On February 24, the Emirates Drug Establishment (EDE) implemented a provision under Federal Decree-Law No. 38 of 2024 requiring pharmaceutical companies to appoint multiple authorised agents for every medicine sold in the country.
The reform effectively ends the long-standing single-distributor model, under which one exclusive agent managed the import, pricing, storage and distribution of each drug.
Industry analysts say the previous system, while administratively streamlined, created vulnerabilities in the supply chain. Manufacturing delays abroad, shipping disruptions or local logistical bottlenecks could result in extended shortages of essential medicines, including insulin, oncology treatments and common antibiotics.
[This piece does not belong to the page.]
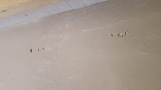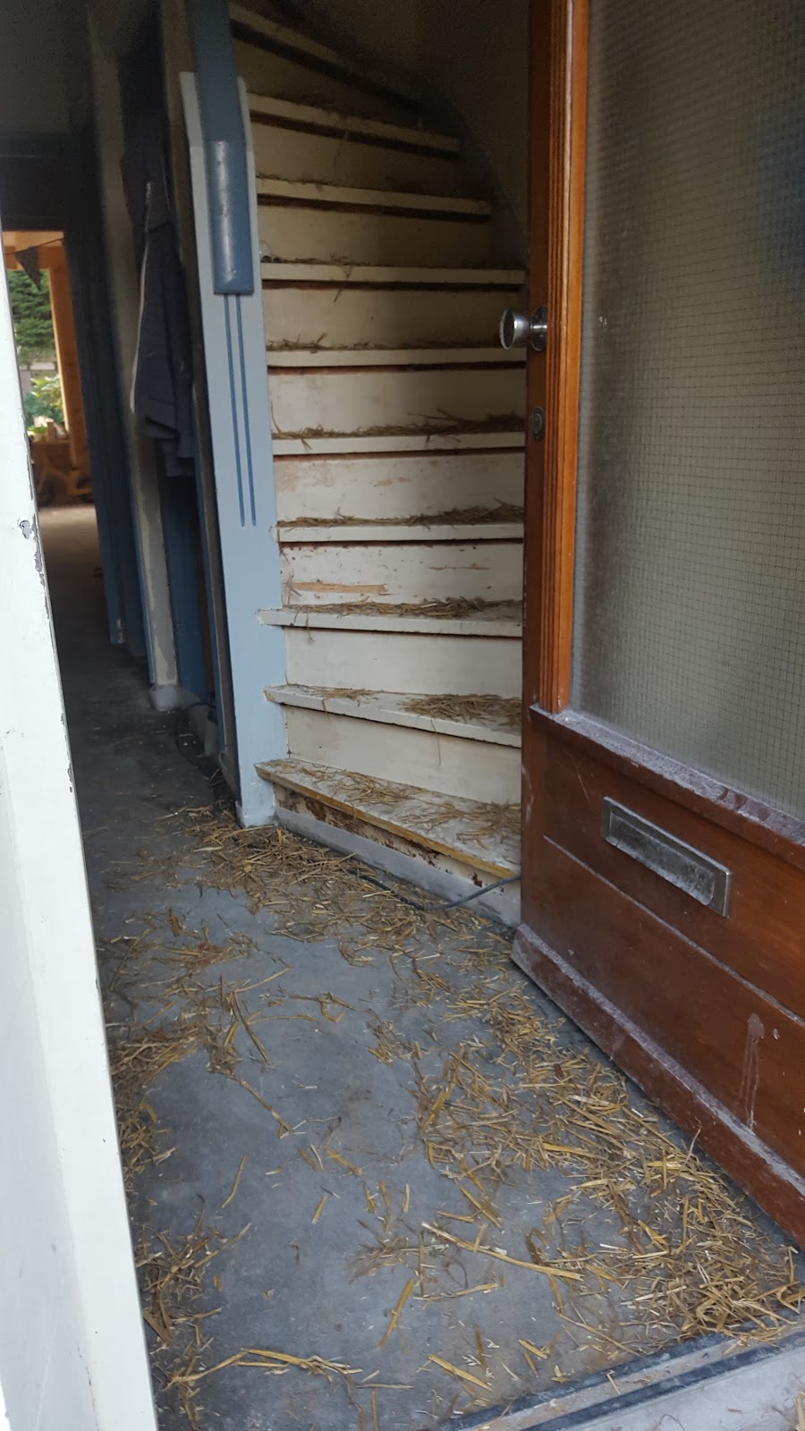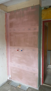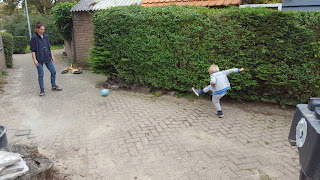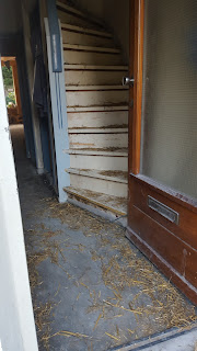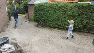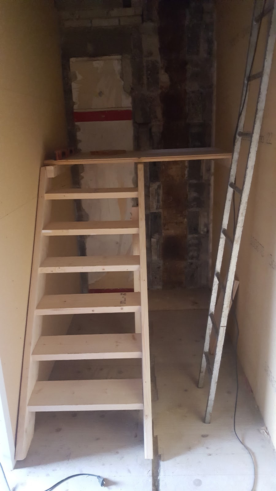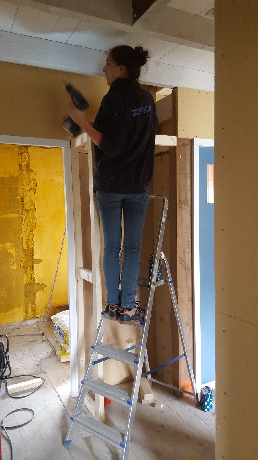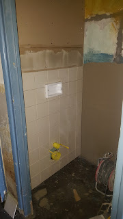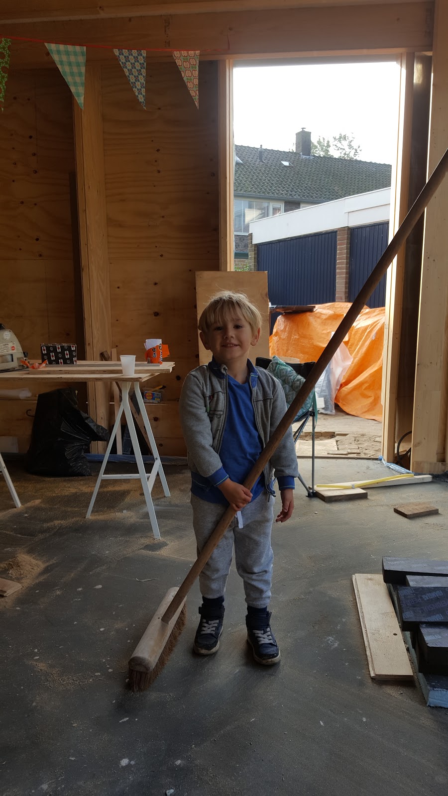 Sverre van school gehaald, broodje gegeten en middag dutje gedaan (samen, niets fijner dan dat!). Daarna gezien dat de wc betegeld is, het vinyl (ja echt waar, vloerbedekking op de muur) van de muur af is. Er een eerste deel van de trap naar zolder staat en het begin van de badkamervloer er ligt.

The single-agent structure also limited price competition, keeping costs elevated for many branded medicines and slowing the uptake of generics. This has had a significant impact on expatriate residents, who make up the majority of the UAE’s population and typically rely on private insurance or out-of-pocket payments for treatment.
Under the new framework, multiple agents per product are expected to introduce both redundancy and competition. If one distributor faces delays, others can maintain supply. Companies will also compete on pricing, delivery speed and service agreements with pharmacies and hospitals.
Market observers say liberalisation in comparable markets has led to price reductions of 10 to 20 percent, particularly for chronic disease treatments. In the UAE, where diabetes affects roughly one in five adults and hypertension rates are also high, lower prices could ease pressure on household budgets and insurance co-payments.
The reform is also expected to improve coverage in smaller clinics and in the northern emirates, where supply gaps have been more pronounced.
Major domestic manufacturers are seen as well positioned to expand partnerships and distribution networks under the new rules.
International drugmakers including Pfizer, Novartis, Sanofi, GlaxoSmithKline and AstraZeneca may accelerate local manufacturing, partnerships or clinical research activity to maintain competitiveness in a more open market.
Indian generics manufacturers such as Sun Pharmaceutical Industries and Dr. Reddy’s Laboratories are also expected to explore expanded access.
The UAE pharmaceutical market, currently estimated at between $4 billion and $5 billion, is projected by industry sources to approach $8 billion in the early 2030s, supported by population growth, medical tourism and investment in life sciences.
As a key pharmaceutical hub within the Gulf, the UAE’s regulatory shift may influence policy discussions in neighbouring countries seeking to strengthen supply resilience and local manufacturing under broader economic diversification strategies.
Implementation is expected to take place in phases as companies appoint additional agents and regulators oversee compliance and quality standards. Officials say the objective is to ensure more stable supply, competitive pricing and improved access to medicines while maintaining rigorous safety oversight.
For patients, particularly those managing chronic conditions, the reform signals a shift toward a more competitive and resilient medicines market in one of the region’s fastest-growing healthcare systems.